Raw data
Segment Open
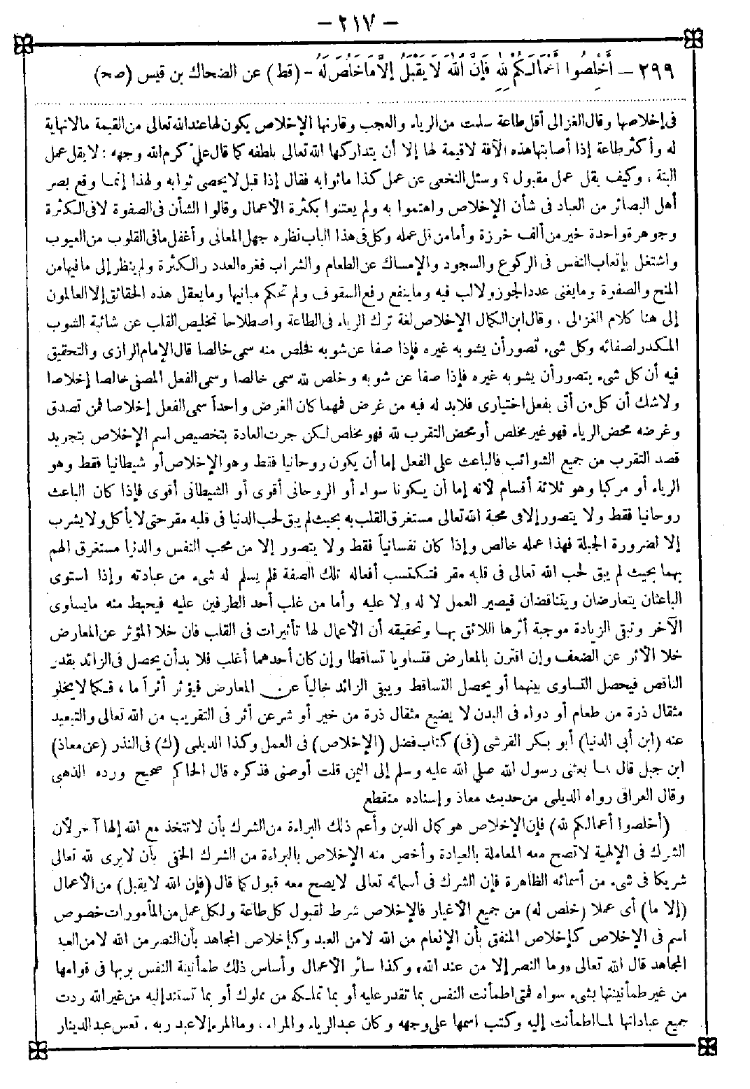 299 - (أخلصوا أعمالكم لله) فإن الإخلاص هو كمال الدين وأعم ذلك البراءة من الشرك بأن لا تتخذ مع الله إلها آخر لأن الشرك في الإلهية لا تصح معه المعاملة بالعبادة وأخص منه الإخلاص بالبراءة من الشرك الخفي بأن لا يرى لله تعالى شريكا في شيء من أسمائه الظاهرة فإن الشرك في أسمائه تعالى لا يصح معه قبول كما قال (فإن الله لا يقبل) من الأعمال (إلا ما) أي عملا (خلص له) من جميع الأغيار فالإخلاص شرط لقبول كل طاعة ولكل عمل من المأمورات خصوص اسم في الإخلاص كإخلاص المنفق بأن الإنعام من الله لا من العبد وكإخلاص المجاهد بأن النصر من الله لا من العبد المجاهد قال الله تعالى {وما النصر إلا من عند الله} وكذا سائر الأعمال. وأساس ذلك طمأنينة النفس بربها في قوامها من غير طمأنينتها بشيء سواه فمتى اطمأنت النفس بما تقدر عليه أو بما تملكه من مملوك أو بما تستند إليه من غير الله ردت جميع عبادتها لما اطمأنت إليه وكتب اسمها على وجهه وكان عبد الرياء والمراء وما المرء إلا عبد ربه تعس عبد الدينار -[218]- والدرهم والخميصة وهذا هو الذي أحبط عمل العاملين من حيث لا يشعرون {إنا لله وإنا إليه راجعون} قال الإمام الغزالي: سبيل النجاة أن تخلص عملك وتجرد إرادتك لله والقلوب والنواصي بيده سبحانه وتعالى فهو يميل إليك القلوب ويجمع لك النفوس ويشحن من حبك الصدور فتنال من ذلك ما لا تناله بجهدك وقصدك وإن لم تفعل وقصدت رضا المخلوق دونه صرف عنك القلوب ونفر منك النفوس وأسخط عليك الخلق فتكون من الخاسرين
Segment Closed
Segment Open
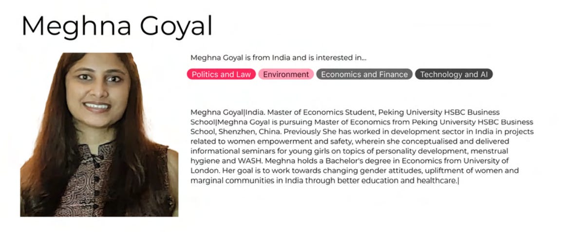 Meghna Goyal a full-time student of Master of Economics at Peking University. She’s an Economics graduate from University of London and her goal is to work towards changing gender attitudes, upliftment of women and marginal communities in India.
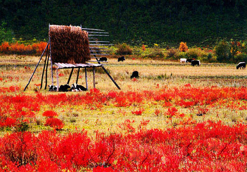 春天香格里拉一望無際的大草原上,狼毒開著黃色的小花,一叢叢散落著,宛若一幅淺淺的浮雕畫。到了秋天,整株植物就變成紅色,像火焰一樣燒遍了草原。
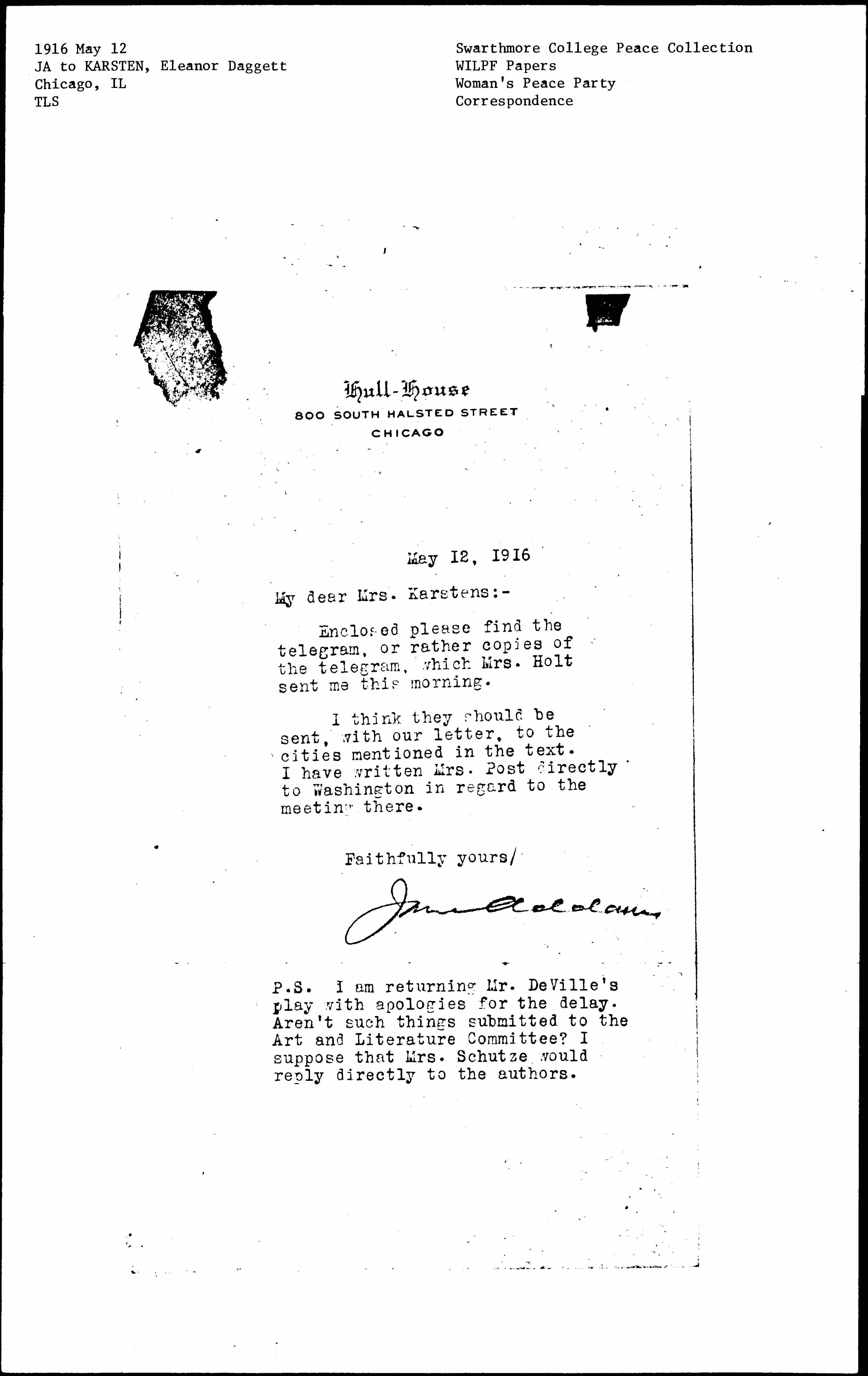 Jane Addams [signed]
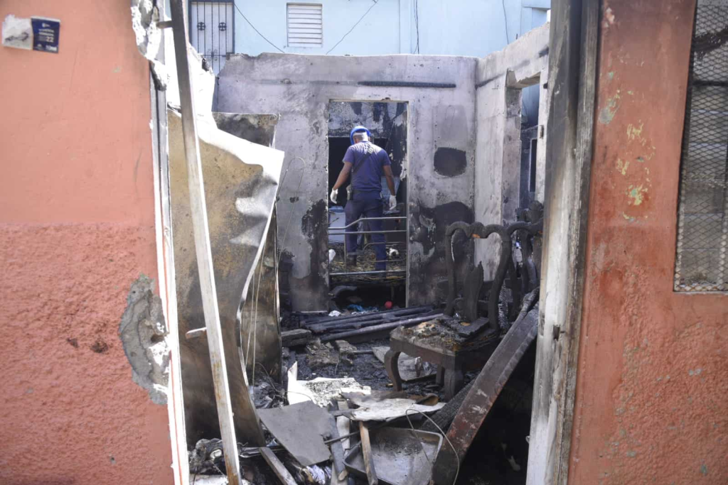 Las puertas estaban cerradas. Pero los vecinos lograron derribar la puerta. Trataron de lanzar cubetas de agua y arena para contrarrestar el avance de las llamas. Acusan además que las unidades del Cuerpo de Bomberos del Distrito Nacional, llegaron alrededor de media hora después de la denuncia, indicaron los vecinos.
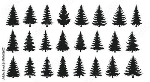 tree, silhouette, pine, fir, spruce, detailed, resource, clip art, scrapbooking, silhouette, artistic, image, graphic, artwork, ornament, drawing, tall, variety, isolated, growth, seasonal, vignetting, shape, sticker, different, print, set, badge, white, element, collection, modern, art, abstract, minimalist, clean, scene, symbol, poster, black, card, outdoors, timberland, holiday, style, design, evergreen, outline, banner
Segment Closed
Work item
Exactly the lines above from the one that contains "Meghna Goyal a" down to the one that contains "Jane Addams [signed]" are to be output, both ends kept and pictures omitted.

Expected answer
 Meghna Goyal a full-time student of Master of Economics at Peking University. She’s an Economics graduate from University of London and her goal is to work towards changing gender attitudes, upliftment of women and marginal communities in India.
 春天香格里拉一望無際的大草原上,狼毒開著黃色的小花,一叢叢散落著,宛若一幅淺淺的浮雕畫。到了秋天,整株植物就變成紅色,像火焰一樣燒遍了草原。
 Jane Addams [signed]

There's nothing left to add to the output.